Durante la larga hora que duraron las acreditaciones de los cuatro presos en dos salas contiguas, el ambiente fue de normalidad. Los letrados permitieron a los diputados de ERC y de JxCAT hacerse fotos y vídeos con los presos, y el trato, según fuentes de ERC, fue “impecable”.

No obstante, no se les entregó ni el móvil ni la tableta que tradicionalmente reciben los diputados cuando se acreditan y solo se les hizo entrega de la cartera del Congreso que, por orden judicial, no se pudieron llevar y la tuvieron que dejar a sus representantes de los partidos políticos.

Una vez que los diputados presos finalizaron sus trámites salieron directamente a los ascensores dejándose hacer fotos de despedida con sus compañeros y despidiéndose con un “adeu” a la prensa.

De esta forma los cuatro diputados soberanistas cumplieron con la orden del Tribunal Supremo de no hacer declaraciones a la prensa, aunque a la pregunta de un periodista de cómo se encontraban, Josep Rull contestó “molt be, molt be (muy bien, muy bien)”.

Junqueras fue el último en entrar en el ascensor y el último en despedirse de Gabriel Rufián con un fuerte abrazo mientras que a su llegada fue la portavoz adjunta Carolina Telechea la primera en saludarle efusivamente.

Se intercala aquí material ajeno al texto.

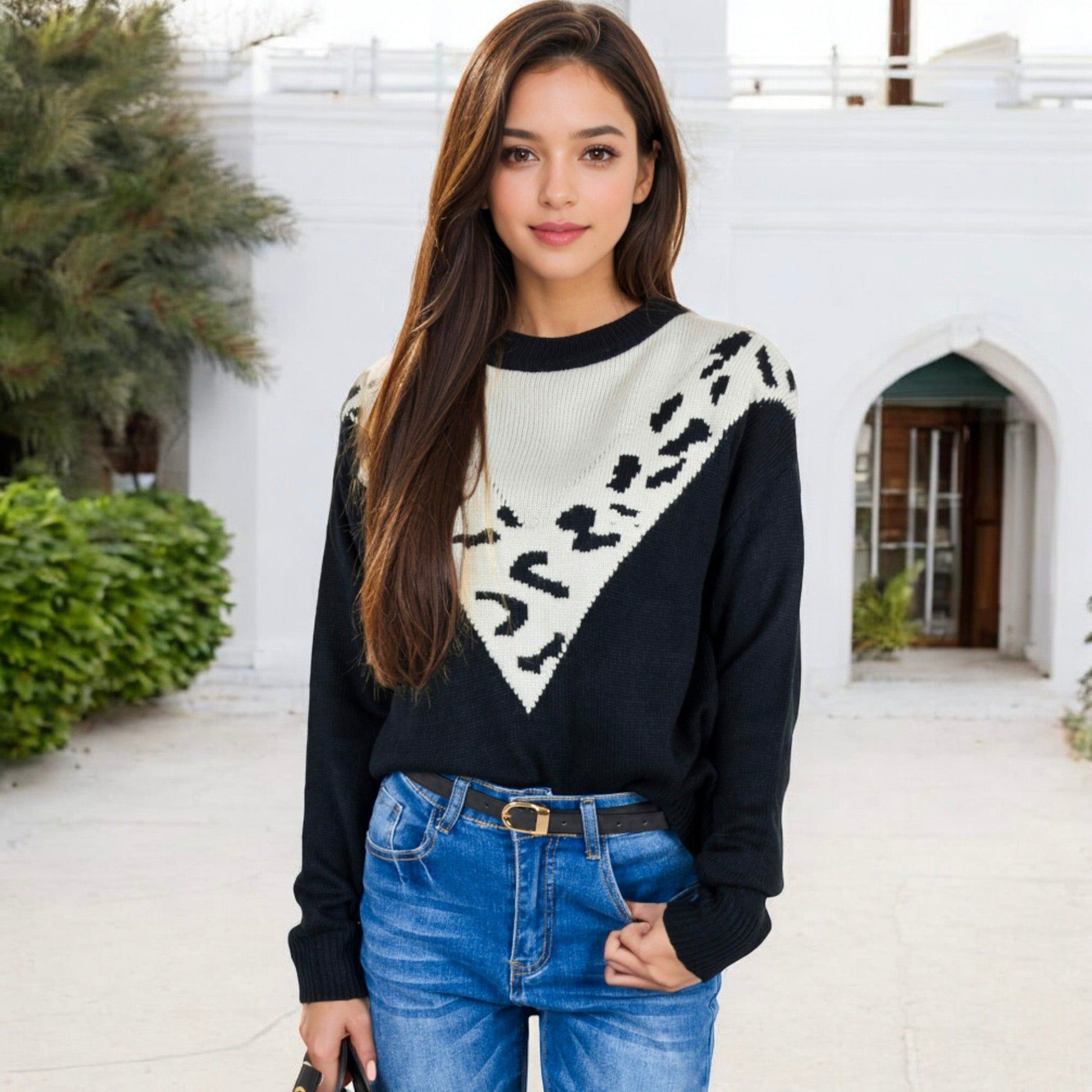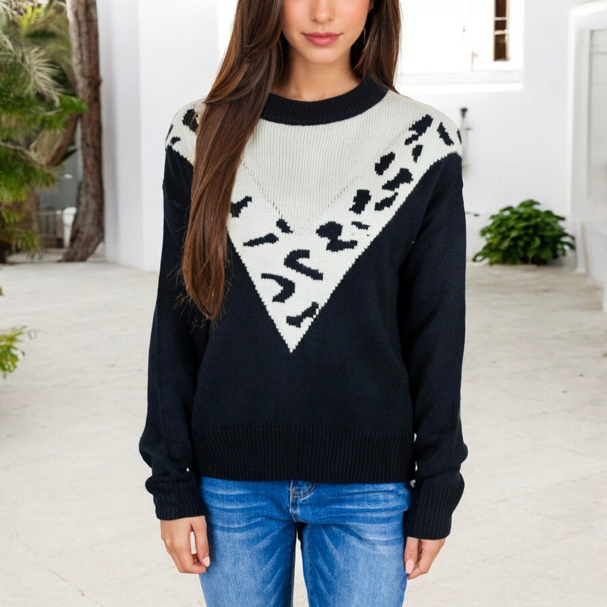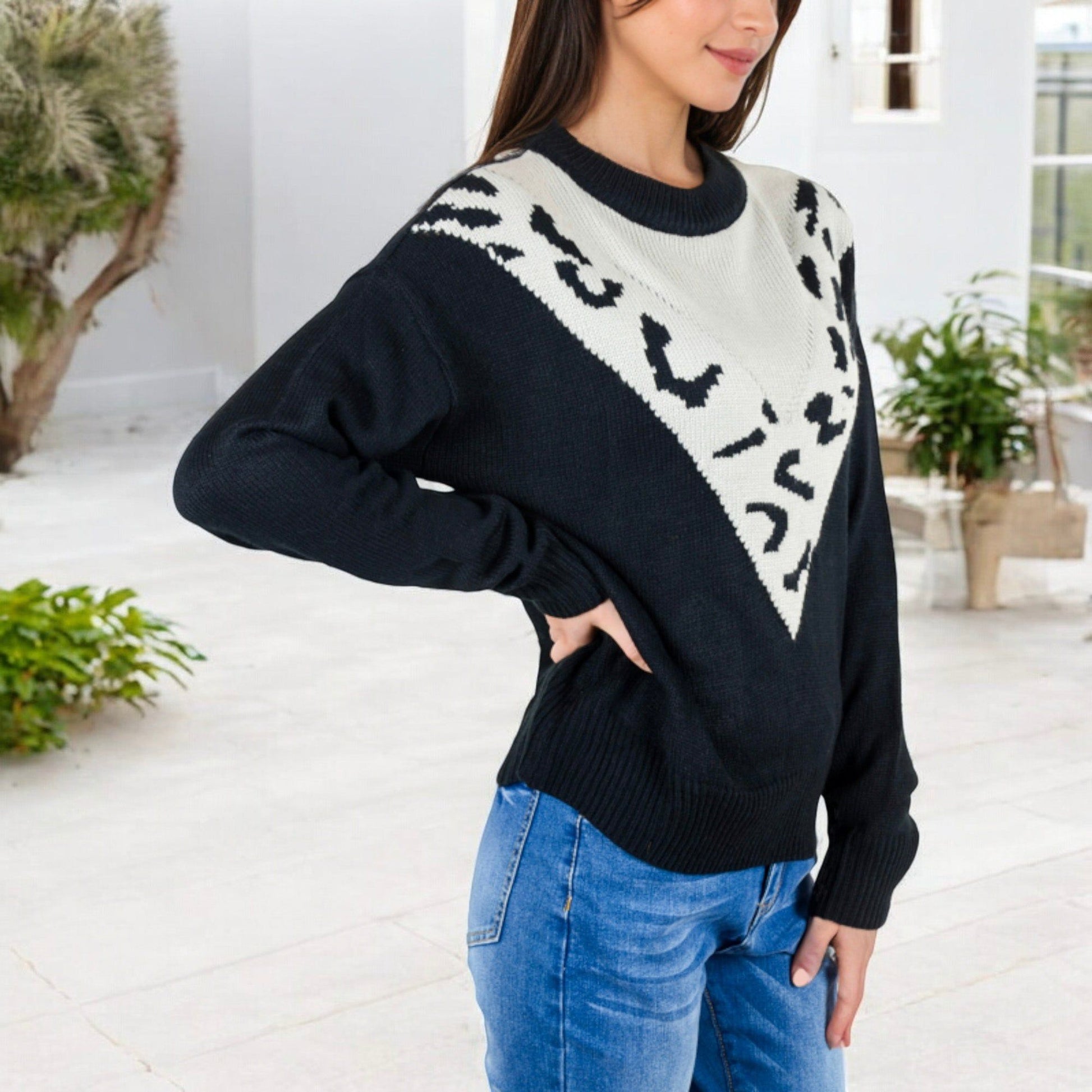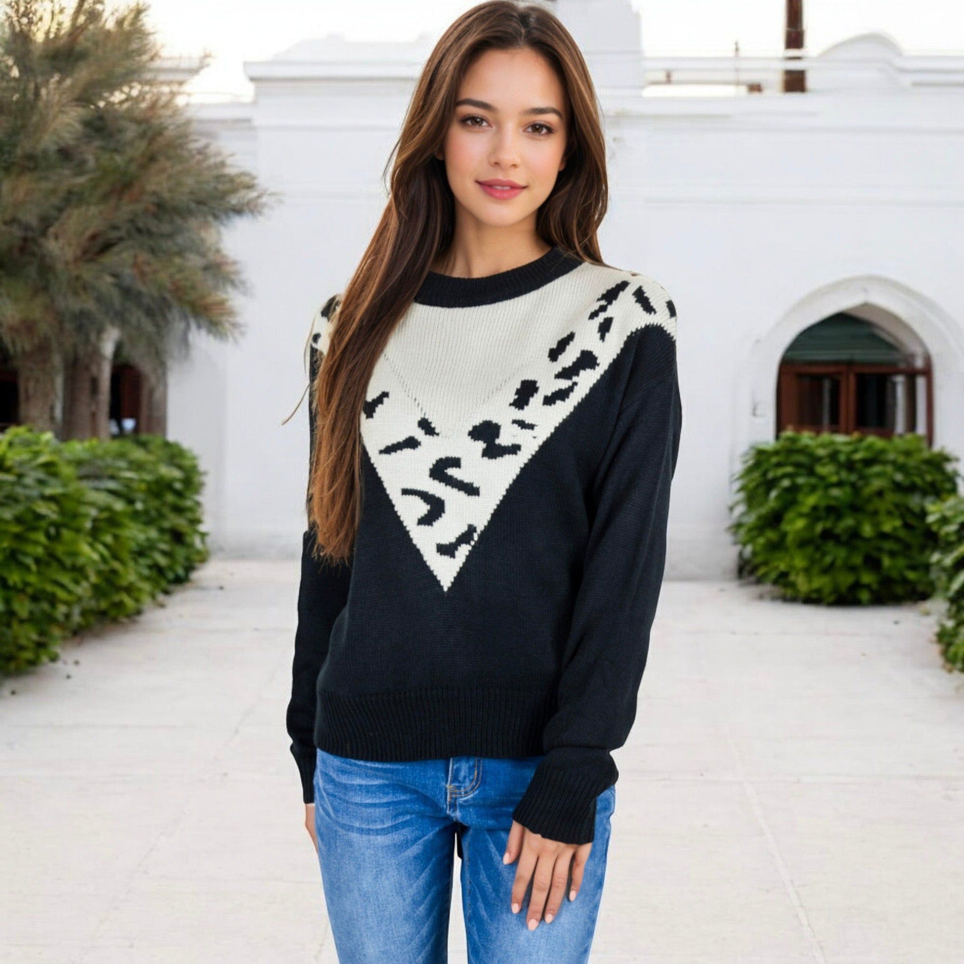 Crew Neck Sweater with Contrast Leopard Print Chevron Design
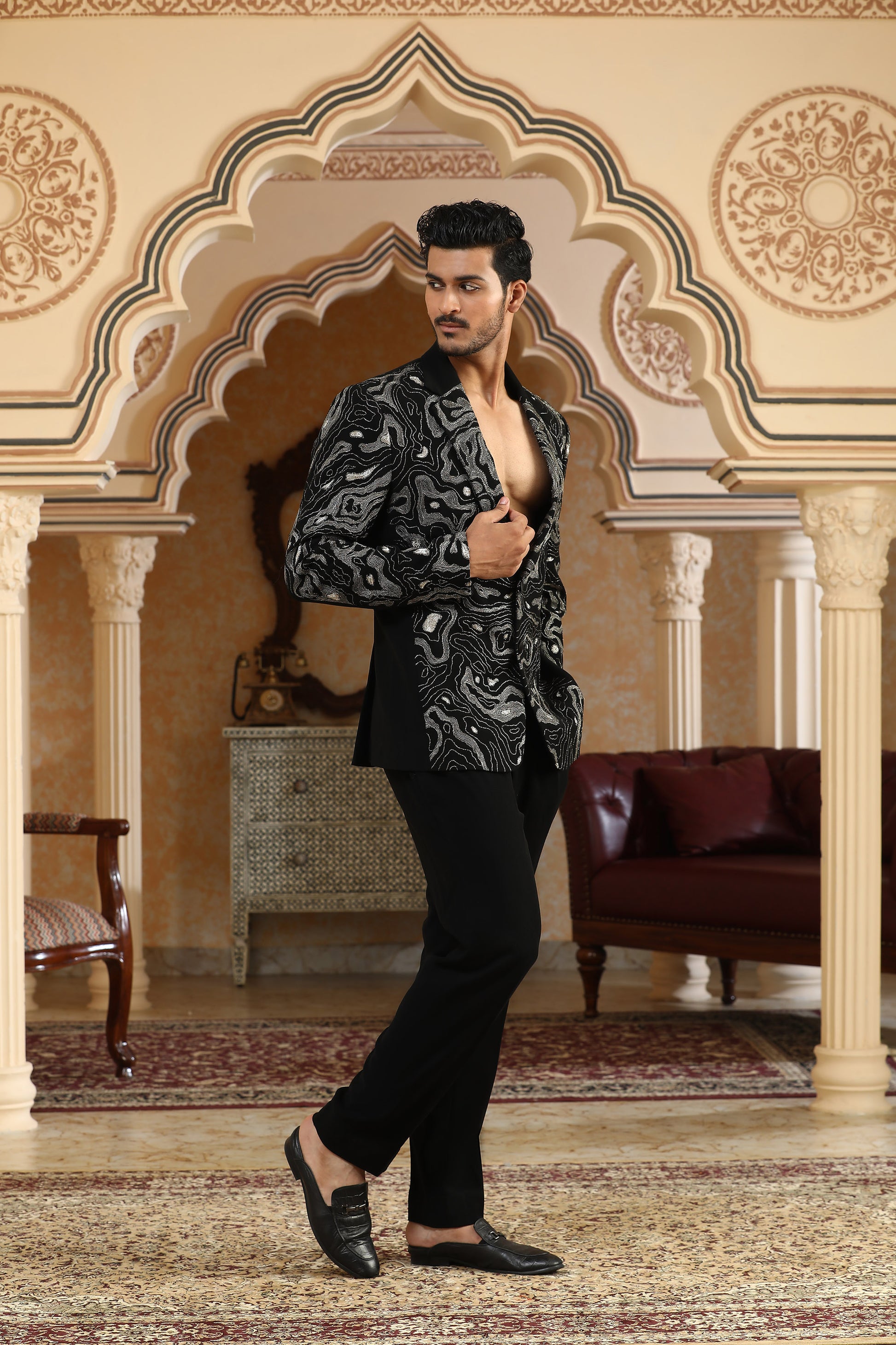 Rooted in depth and drama, the Sheersagar suit set in black Italian viscose is a regal expression of craftsmanship. The coat is adorned with fine dori work, resham threads, zari highlights, and delicate cutdana and zardozi embroidery, creating a fluid surface that reflects movement like gentle waves. Every detail is meticulously placed to evoke the mystique of moonlit waters. The set comes with coordinating tailored trousers, making it the ideal choice for evening affairs where elegance meets artistry.

Pese a toda la normalidad vivida en esas horas, el portavoz de JxCAT en el Senado, Josep Lluis Cleries, se mostró contrariado porque no se les haya permitido reunirse con ellos y lamentó que “no les dejaron quedarse ni un minuto” y que se les trate como “diputados incomunicados”.

Superado este trámite, los cuatro presos volverán hoy al Congreso para estar presentes en la constitución de las Cortes y acatar la Carta Magna que les da la condición plena de diputados.